Dynamic discovery of endpoints - One of the cool things about NetKernel is that metadata about endpoints is shared on the network protocol. Because of this, when modules are deployed on the cluster the cluster manager can track each worker nodes status and the performance of each endpoint within each node.
Dynamic updates and deployment of functionality - New modules can be deployed across the cluster by updating the configuration on the cluster manager. It will not route requests to an agent until the update has occured and the agent can demonstrate the new modules are deployed.

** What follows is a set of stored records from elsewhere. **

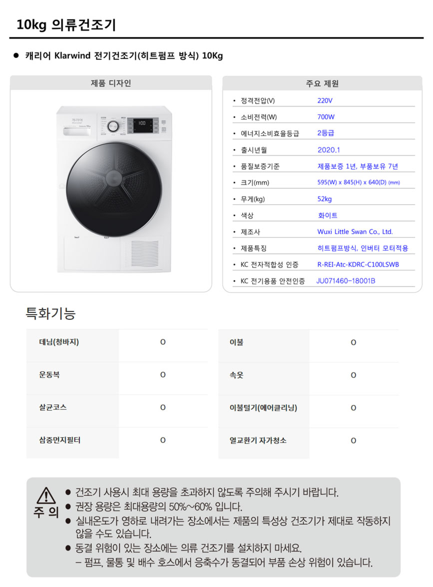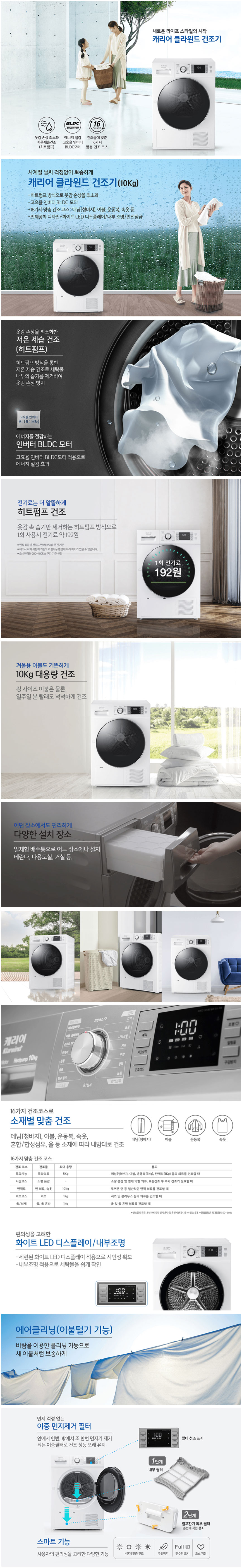 [더함+캐리어]결합3종 안드로이드 QLED TV 65인치 스탠드형+클라윈드 드럼 세탁기 23kg 화이트+클라윈드 히트펌프 건조기 10kg 화이트
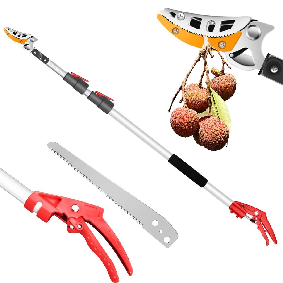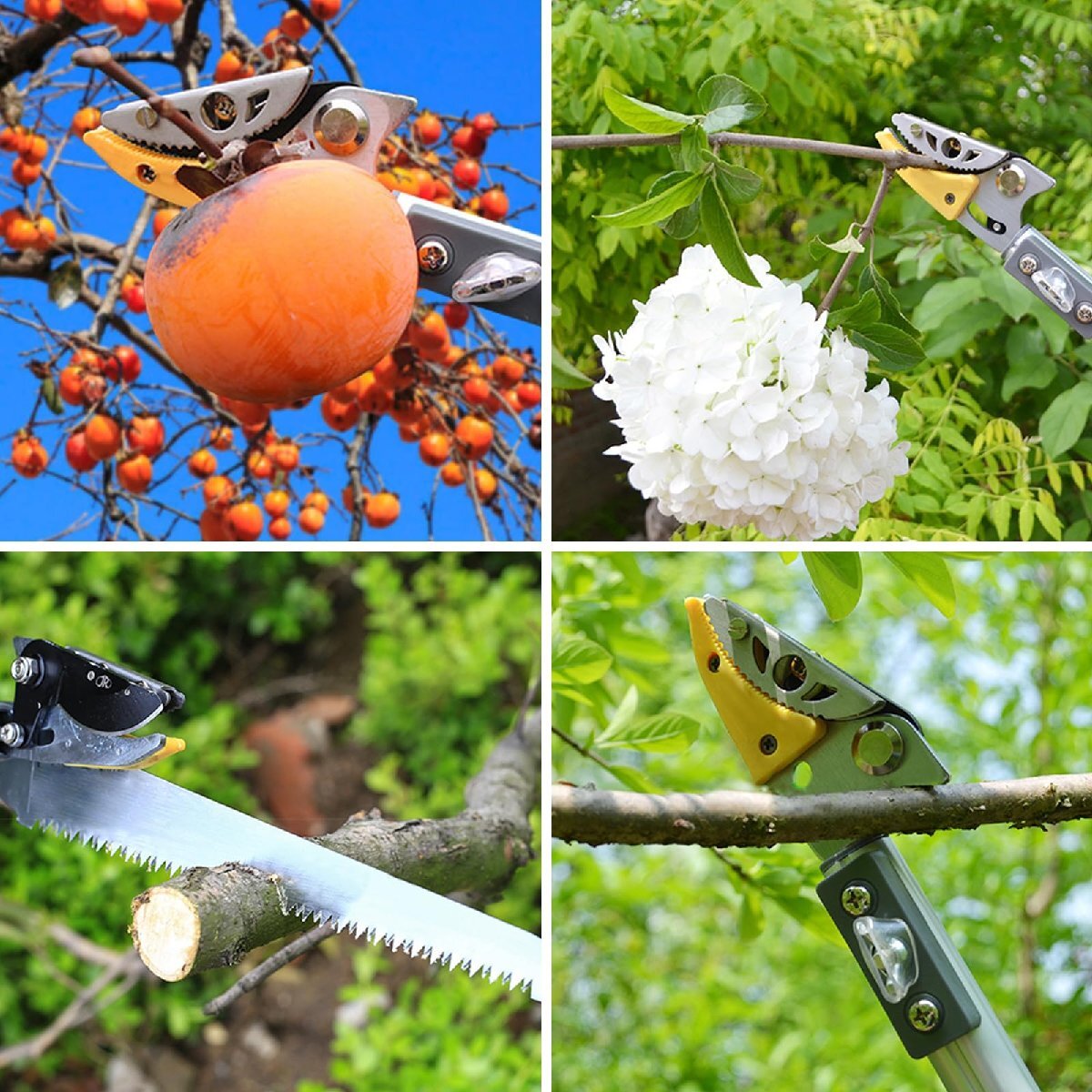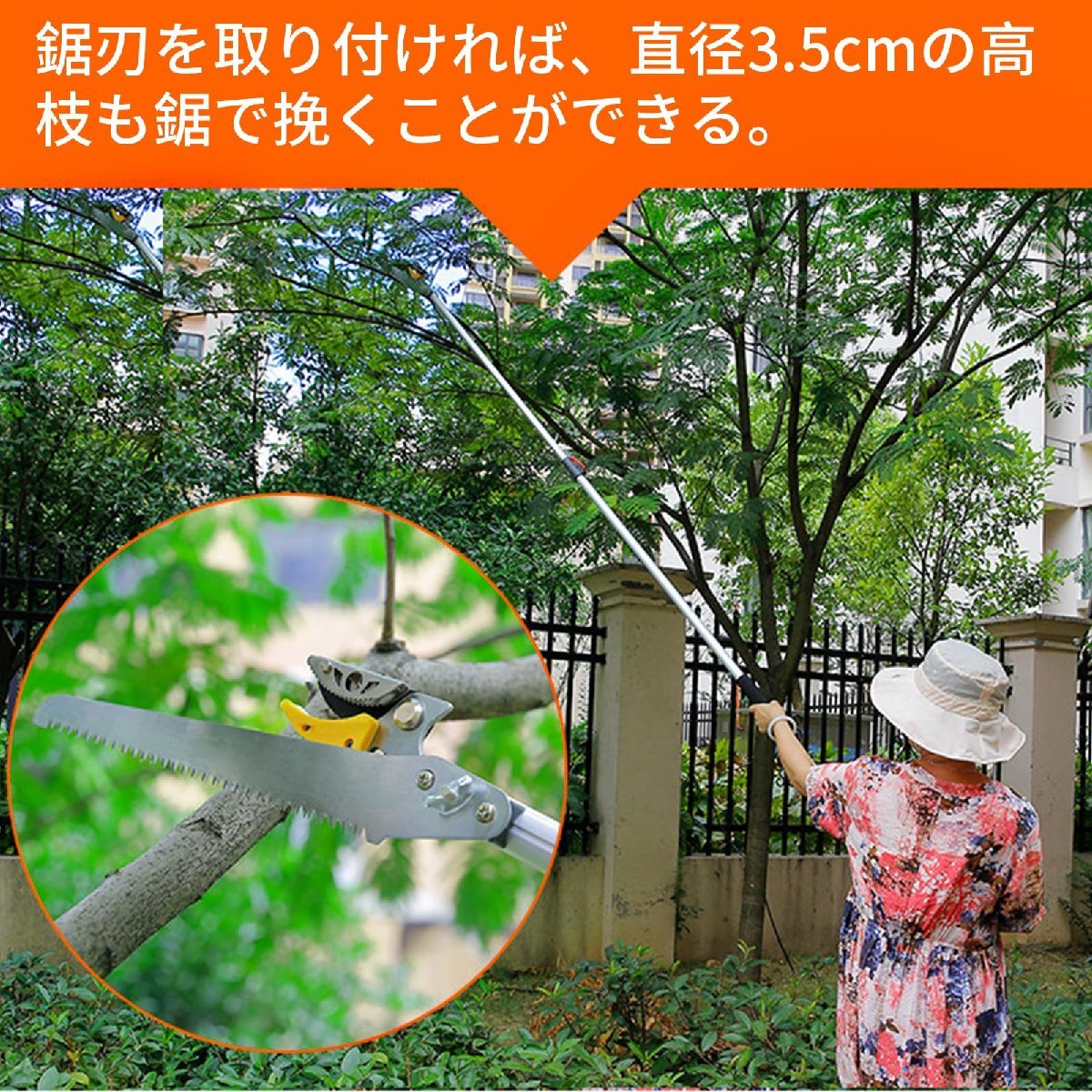 【切れ味抜群】この高枝切鋏のブレードは高精度な研磨が施しされ、鋭くて切れ味抜群です、弧状な刃先デザインはより簡単に太い枝をカットできます、波形固定の模様が設計され、よりしっかりと果物を固定できます。最大開け幅が15mmに達しています。大きい枝や太い枝にも適用、園芸、庭、花園、果樹などにも利用できます。適用シーンは非常に広いです。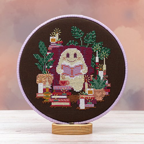 Pattern is stitched on 28-count Black Chocolate fabric using DMC floss. Stitch count is 84 wide x 93 high. Finished size is 6 in wide X 6.64 in high.

Telemetry - agents send periodic updates to the cluster manager with all their pertinent operating statistics. This doubles as a keep-alive ping. If for any reason an agent appears to be non-functional it is removed from the cluster until it can report a healthy status.
Rate adaption and queuing - the cluster manager will rate limit requests to agents based upon their capacity - at the moment just limiting concurrency to the CPU core count. If ingress from clients exceeds egress to agents the cluster manager will queue requests.
Simple security - Each client and agent must negotiate a secure TLS connection to the cluster manager. Each connection must then authenticate itself to the cluster manager using a username/password pair. Once the connection is established each party can communicate asynchronously to the cluster manager and vice versa.
Dashboard - the dashboard shows execution statistics and telemetry from each agent.
For development I ran the cluster manager on a laptop and had 3 agents running on Raspberry Pis connected via a wired network.
This was an interesting project but ultimately, for the moment at least, i decided not to pursue it further. It did achieved my aims of being simple to configure, have a small code base, and to be low on resources. On that basis I consider it to be a successful experiment.
The repository for this project along with some tests to simulate load are available on GitLab and is MIT Licenced.